У Оззи было такое ощущение, что, пока мать зажигает свечи, не то что говорить, а дышать надо стараться потише. Прижимая трубку к груди, Оззи смотрел, как мать увлекает за собой, кого бы она там ни увлекала, и чувствовал, как и его глаза остеклевают. Мать была располневшая, утомленная, поседевшая, кургузенькая, на ее посеревшей коже уже начали сказываться и бремя ответственности, и груз прошлого. Даже приодевшись, она никак не выглядела одной из избранных. Но, зажигая свечи, она выглядела куда лучше — выглядела женщиной, которой открылось, что Богу подвластно буквально все.
Еще несколько минут — и таинственный ритуал был закончен. Оззи повесил трубку, подошел к кухонному столу — мать накрывала стол на два прибора для трапезы из четырех блюд, как положено на шабат. Оззи сказал, что раввин Биндер вызывает ее на следующую среду, к половине пятого, и объяснил почему. И тут она в первый раз за всю их жизнь ударила Оззи по лицу.
Все время, пока он ел рубленую печенку и бульон, Оззи плакал; и ничего больше есть не стал.
* * *
В среду в самой большой из трех классных комнат синагоги раввин Марвин Биндер, рослый, осанистый, широкоплечий мужчина лет тридцати с густой жесткой шевелюрой, вынул из кармана часы — на них было уже четыре. На другом конце класса смотритель синагоги Яаков Блотник — ему пошел семьдесят второй год — что-то гугнивил, неспешно протирая большое окно: его не волновало, четыре сейчас или шесть, понедельник или среда. Для большинства учеников Яаков Блотник с его гугней, не говоря уж о темной курчавой бороде, смахивающем на клюв носе и плюс к тому вечной свите из двух кошек, был антиком, чужаком, ископаемым, они и побаивались его, и дерзили ему. Оззи стариковская гугня всегда казалась заунывной, диковатой молитвой, диковатой она казалась Оззи потому, что старый Блотник гугнивил без остановки уже много лет, и Оззи подозревал, что молитвы старик помнил, а о Боге напрочь забыл.

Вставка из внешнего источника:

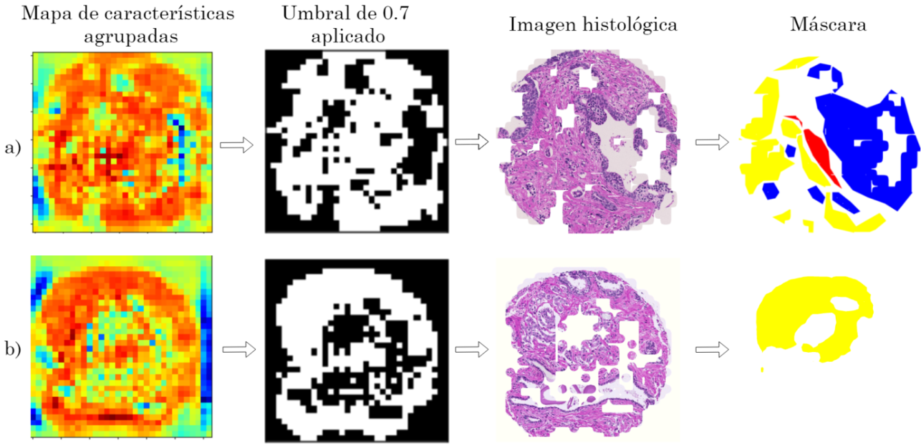 Específicamente en este trabajo, se llevó a cabo un tercer nivel de representación Mask R-CNN, en donde se tuvieron en cuenta las activaciones de la última capa de la red convolucional base (mostrada en la Figura 2-a). Esta última capa proporciona información sobre los patrones en los que se enfoca el método Mask R-CNN para localizar las regiones y predecirlas, y donde se centra la RPN para proponer regiones de interés. Esta capa tiene un total de 2048 activaciones de tamaño 32 x 32. Las activaciones de la última capa de la ResNet-50 del primer modelo se agruparon mediante SumPooling, y las características sumadas se normalizaron en l2 [18]-[19]. De este modo, se obtuvo el mapa de características agrupadas (MCA). A continuación, en el MCA, se tomaron los píxeles superiores a un umbral de 0.7, y se tomaron las regiones proporcionales a ese umbral para las imágenes histológicas y sus máscaras para el entrenamiento (ver Figura 5). Con estas regiones se entrena un nuevo nivel Mask R-CNN permitiendo una descripción más granular de las regiones. Para la prueba, sólo se tomaron las regiones proporcionales al umbral de activaciones en las placas histológicas, prediciendo así una nueva máscara, determinada a partir de las regiones de las activaciones convolucionales de la primera red.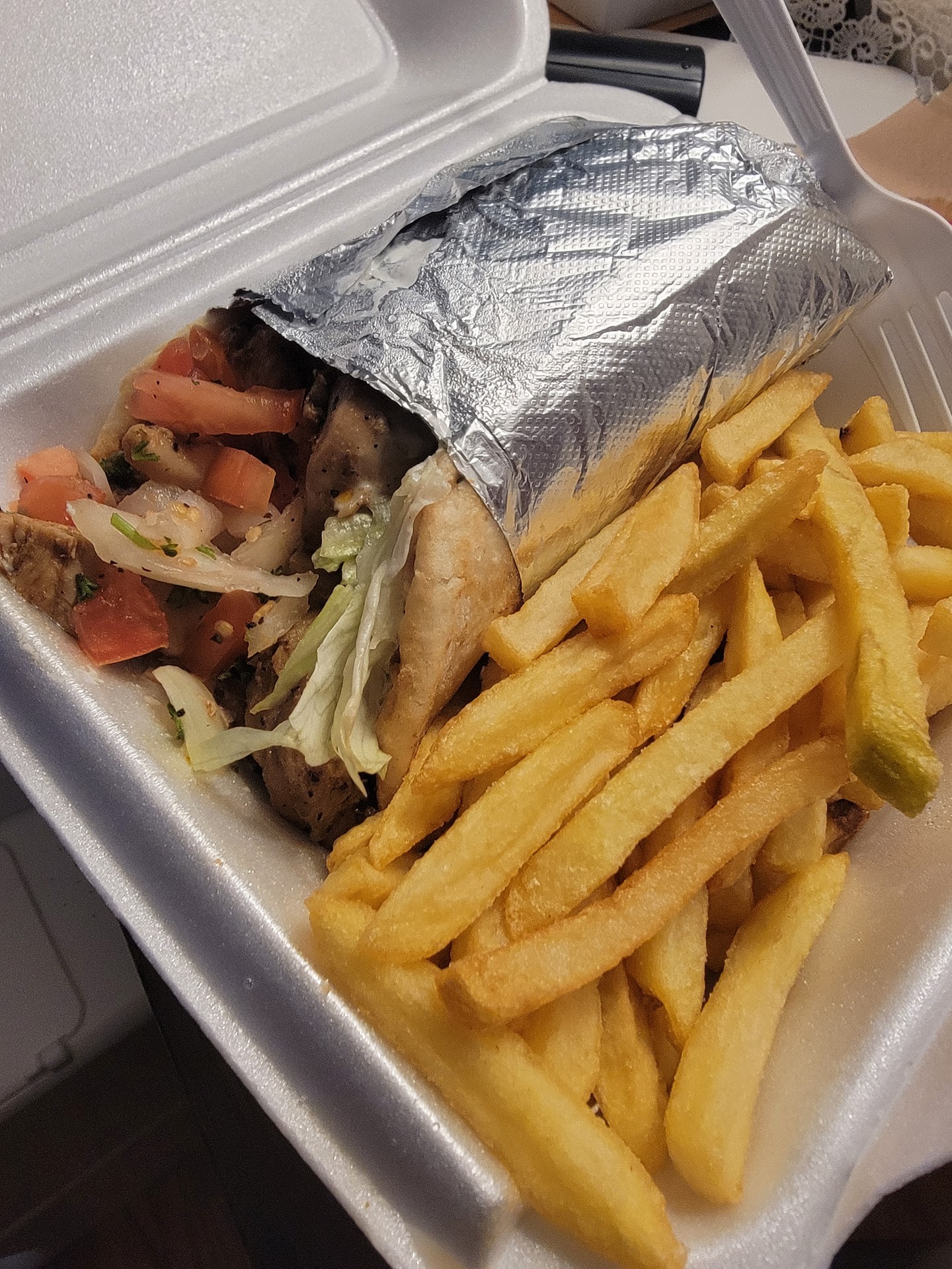 I had the chicken and lamb gyros! The lamb gyro was my favorite! Definitely the best gyro I ever had. I always get an extra side of tzatziki sauce, so good! The fries are good as well and you get a nice size portion. I am completely stuffed after I finish eating. Also the two brothers in there are cool as hell, always great customer service and good...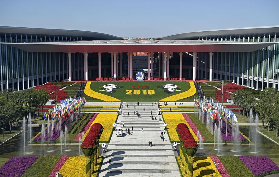 Photo taken on Nov. 9, 2019 shows the National Exhibition and Convention Center in Shanghai, east China, where the second China International Import Expo (CIIE) is held from Nov. 5 to Nov. 10. (Xinhua/Wang Peng)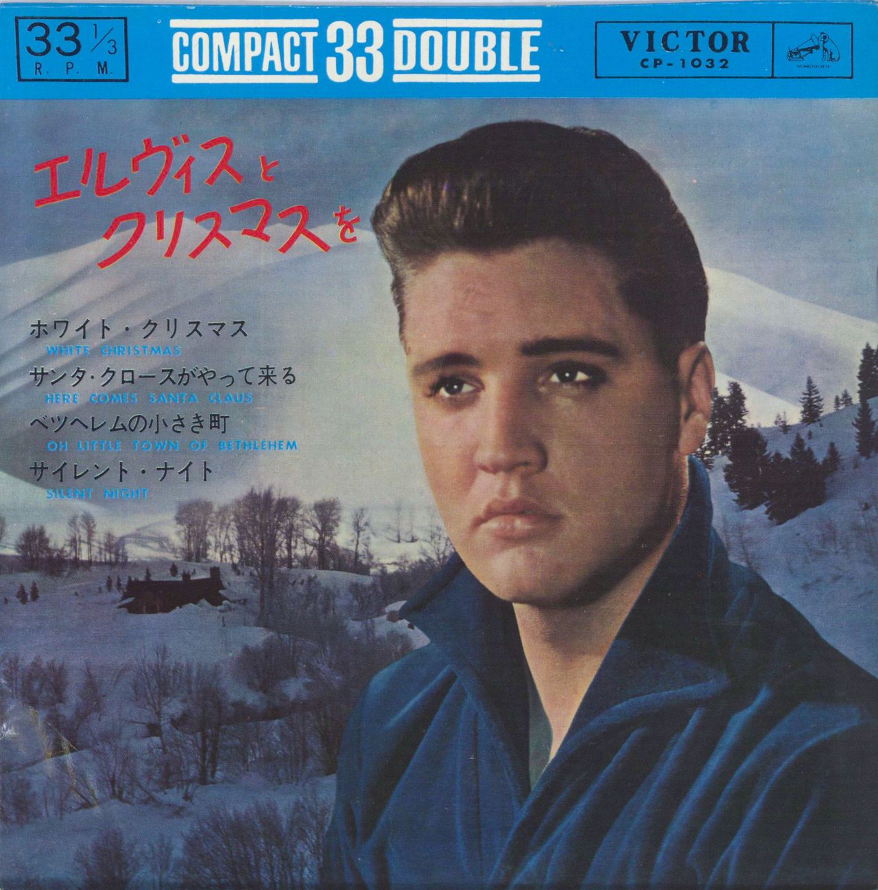 ELVIS PRESLEY Christmas With Elvis EP (Very rare Japanese 4-track solid centre 7" vinyl single, with HMV Victor 'Compact Double 33' series blue & silver labels, housed in a fully laminated picture sleeve with lyrics on reverse. The sleeve displays just a little light age wear with a small crease to the bottom left corner and light signs of the number '78' written on the back. The A-Side label has a small spot of paper loss, whilst the vinyl has a few light cosmetic surface scuffs not affecting play, overall a Very Good example CP-1032)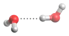 Illustration de deux molécules d'eau liées par une liaison hydrogène.

— Сейчас у нас будет дискуссия на свободную тему, — сказал раввин Биндер. — Вы можете говорить свободно обо всем, что имеет касательство к евреям, — религии, семье, политике, спорте…
Наступило молчание. Ветреный, пасмурный ноябрьский день клонился к вечеру, никакие мысли о бейсболе не шли в голову. Так что говорить о герое прошлых лет Хэнке Гринберге[52] никого не тянуло, отчего рамки дискуссии резко сузились.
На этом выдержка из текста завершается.